Commercial Applications: Title: "Enhanced Data Detection Technology for Machine Learning Applications" This technology can be utilized in industries such as finance for fraud detection, healthcare for patient diagnosis, and autonomous vehicles for object recognition. The market implications include improved efficiency, reduced risks, and enhanced performance in data-driven systems.

Questions about Data Detection Technology: 1. How does this technology contribute to the advancement of machine learning models? - This technology enhances the reliability and accuracy of machine learning models by detecting out-of-distribution data that can lead to errors in predictions. 2. What are the potential implications of using this technology in autonomous vehicles? - By detecting anomalies in data, this technology can improve the safety and performance of autonomous vehicles by ensuring accurate object recognition and decision-making processes.


Original Abstract Submitted

An apparatus and method with out-of-distribution data detection is provided.
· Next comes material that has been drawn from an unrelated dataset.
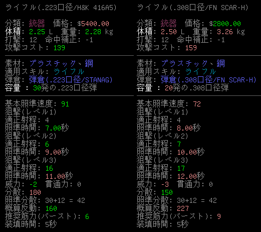 馬鹿でかい画像の重要な部分を切り抜いてみました。2つのライフルを比較して優秀な方が緑色で表示されています。この機能は便利なので今後の投稿で活用させてもらおう。

The apparatus includes one or more processors configured to execute instructions; and one or more memories storing the instructions, wherein, the execution of the instructions by the one or more processors configures the one or more processors to generate output data using a neural network model provided input data; determine, based on the output data, a maximum loss value among calculated loss values that correspond to neighboring data within a reference distance from the input data; and detect, based on the maximum loss value and a threshold, whether the input data is out-of-distribution (OOD) data that is different from in-distribution data corresponding to training data used in a training of the neural network model.